Ces dernières semaines, une information a fait le tour des réseaux sociaux, des médias francophones (Positivr, FranceTVinfo, Ouest-France, etc.) et anglophones (Reuters, DailyMail, BBC, etc.): le Kenya connaîtrait un baby-boom d’éléphants et leur population aurait plus que doublé depuis 1989 pour passer de 16 000 à 34 800 individus en 2019. Un chiffre exceptionnellement positif alors que la destruction de l’habitat des éléphants se poursuit et que le braconnage reste très élevé, un chiffre d’autant plus douteux qu’il provient du ministère du tourisme kényan et du Kenya Wildlife Service.
D’après le Great Elephant Census (GEC), soit le plus exhaustif et important comptage aérien d’éléphants réalisé depuis plus de 40 ans en Afrique, le nombre d’éléphants au Kenya s’élevait à 25 959 en août 2016. Même avec un baby-boom, il paraît hautement improbable que la population d’éléphants du pays puisse croître de 31%, soit plus de 8 000 individus, en à peine 4 ans. Le rapport précise par ailleurs que la population était « relativement stable ». En outre, la courbe d’évolution en forme de « U » de la population d’éléphants entre 1995 et 2015 ne semble pas refléter l’annonce dithyrambique des autorités kényanes.

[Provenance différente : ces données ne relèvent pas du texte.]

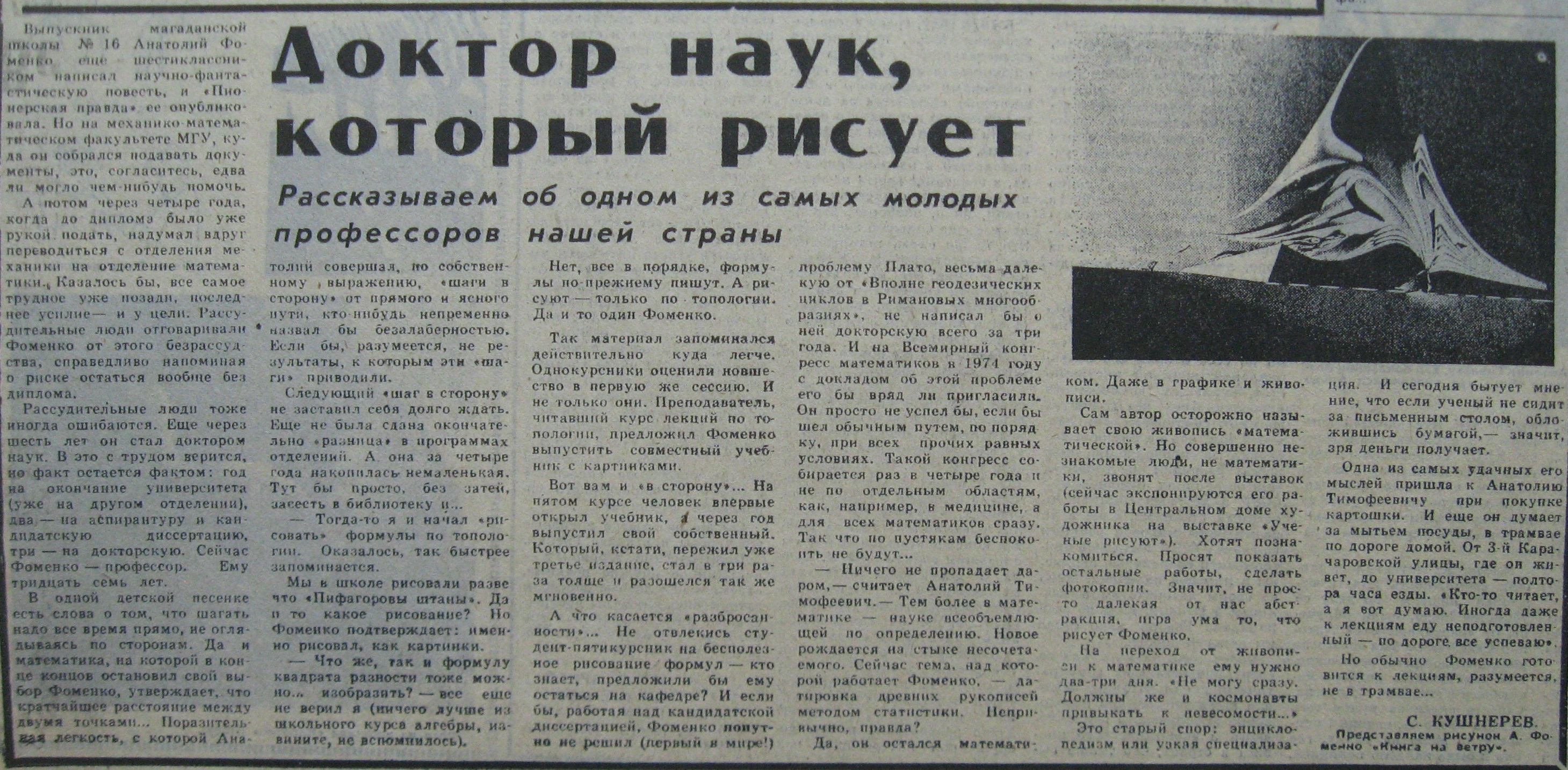 Выпускник магаданской школы № 16 Анатолий Фоменко ещё шестиклассником написал научно-фантастическую повесть, и «Пионерская правда» её опубликовала. Но на механико-математическом факультете МГУ, куда он собрался подавать документы, это, согласитесь, едва ли могло чем-нибудь помочь.

L’étude du GEC précise aussi : « Nous avons enregistré des taux de carcasses particulièrement élevés, indiquant potentiellement des niveaux de braconnage élevés, dans la partie nord du parc national de Tsavo Est, au Kenya (taux de carcasses de 52 %) ». Le taux de carcasse est la proportion d’éléphants morts sur le nombre total d’éléphants morts et vivants, il est utilisé comme indice de la mortalité relative des éléphants.

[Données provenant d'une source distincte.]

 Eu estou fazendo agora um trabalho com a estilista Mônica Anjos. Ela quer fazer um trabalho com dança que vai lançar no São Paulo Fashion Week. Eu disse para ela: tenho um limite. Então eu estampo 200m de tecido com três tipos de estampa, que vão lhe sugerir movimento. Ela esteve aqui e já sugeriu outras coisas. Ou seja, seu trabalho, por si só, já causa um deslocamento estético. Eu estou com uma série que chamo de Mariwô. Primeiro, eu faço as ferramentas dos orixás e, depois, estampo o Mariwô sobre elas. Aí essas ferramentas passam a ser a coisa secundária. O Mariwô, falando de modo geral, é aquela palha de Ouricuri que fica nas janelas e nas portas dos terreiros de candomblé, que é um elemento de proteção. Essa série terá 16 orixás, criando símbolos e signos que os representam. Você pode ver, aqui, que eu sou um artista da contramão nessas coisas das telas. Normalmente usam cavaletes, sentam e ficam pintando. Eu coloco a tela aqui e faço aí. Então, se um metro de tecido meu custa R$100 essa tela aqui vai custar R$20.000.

D’après les chiffres de l’Union Internationale pour la Conservation de la Nature (UICN) repris dans le rapport World Wildlife Crime Report 2020 des Nations Unies, la population d’éléphants au Kenya est passée de 24 669 en 2006 à 22 809 en 2015. Une évolution négative qui semble aller à l’encontre de la version officielle du ministère du tourisme kényan. Toujours d’après le World Wildlife Crime Report, la ville portuaire de Mombasa se place parmi les principales plaques tournantes du trafic mondial d’ivoire.
Le Kenya, comme d’autres pays en Afrique, compte plusieurs réserves transfrontalières. Les plaines herbeuses du Maasaï Mara au Kenya s’étendent vers le Serengeti, au-delà de la frontière, et le parc de Tsavo est lui aussi prolongé par une autre aire protégée en Tanzanie, le parc de Mkomazi. Les éléphants sont des animaux qui parcourent de longues distances, ils n’ont pas de nationalité et se moquent des frontières. Les éléphants comptés un jour au Kenya peuvent être aperçus le jour d’après en Tanzanie, et vice-versa. Par conséquent, cette comptabilité pratiquée à l’échelle d’un pays n’a pas vraiment d’utilité du point de vue de la protection des éléphants, elle sert surtout des intérêts économiques et politiques.

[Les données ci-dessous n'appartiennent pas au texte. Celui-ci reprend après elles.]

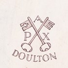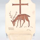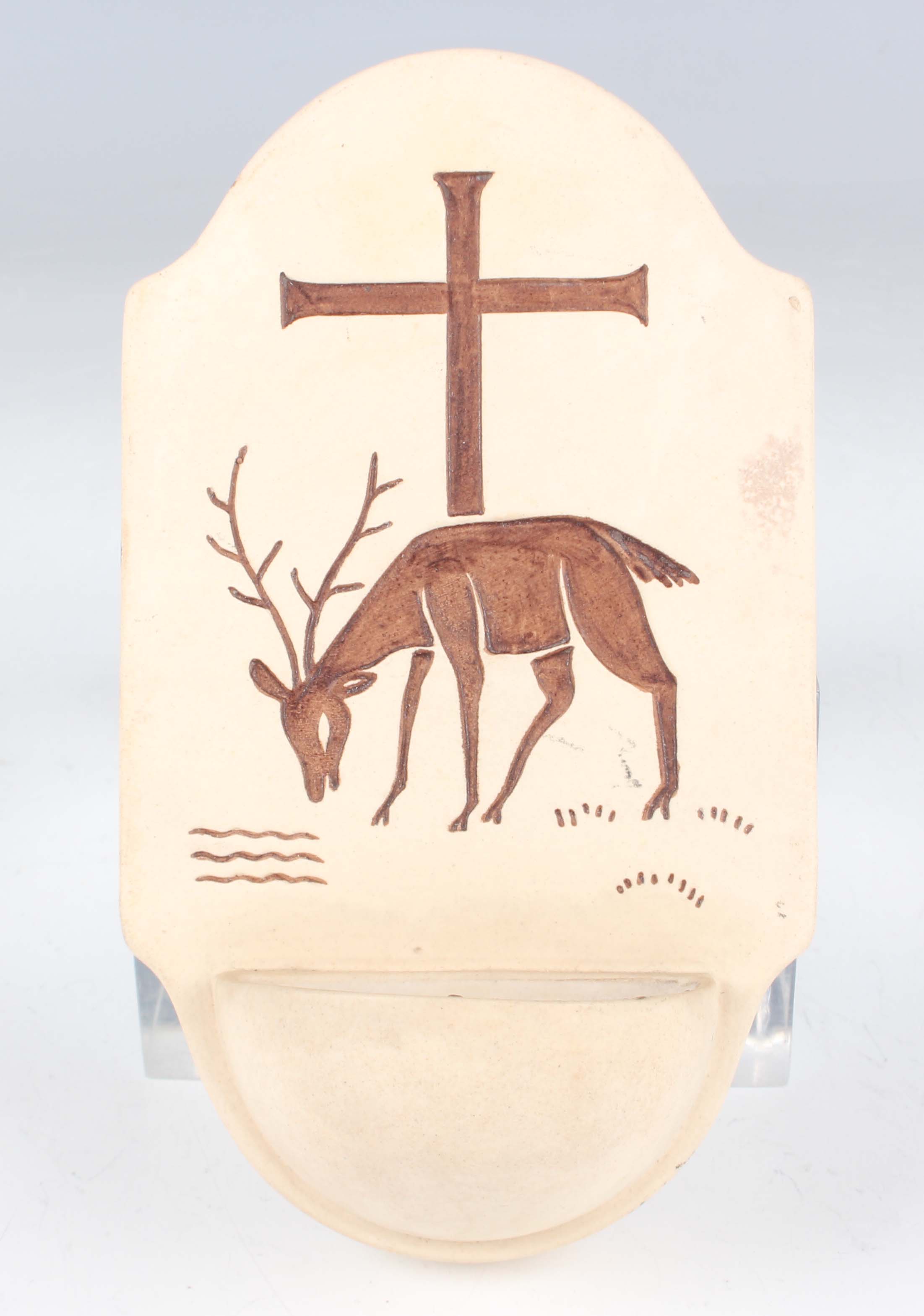 A rare Royal Doulton Prinknash pottery holy water font, 1930s, decorated with a grazing deer before a cross, brown printed crossed keys mark to reverse and incised 8140, height 12cm.

Dans la revue Yale Environment 360, un article publié en 2019 par l’écrivain, réalisateur et photographe sud-africain Adam Weltz relate une toute autre version concernant les relations entre le Kenya et sa faune sauvage. Des milliards de dollars d’investissement pour des projets d’infrastructure – routes, chemins de fer, centrales énergétiques (éolienne, géothermie et autres), lignes à haute tension – sont dédiés au « Kenya Vision 2030 », un plan du gouvernement pour accélérer l’industrialisation du pays. Nombreuses sont les infrastructures construites dans les parcs et les réserves iconiques. Parmi les financeurs, on retrouve la Chine et des organisations internationales finançant le développement dit « durable » (UNEP, Banque Mondiale, USAID, etc.).
Dernière précision concernant le GEC : la Namibie, un autre pays doté d’une industrie touristique importante, a refusé sans raison apparente que les équipes du GEC effectuent un comptage gratuit des éléphants sur son territoire. Preuve que le sujet de la faune sauvage est devenu un enjeu économique et politique et qu’il vaut mieux se méfier des informations présentant un tableau trop idyllique.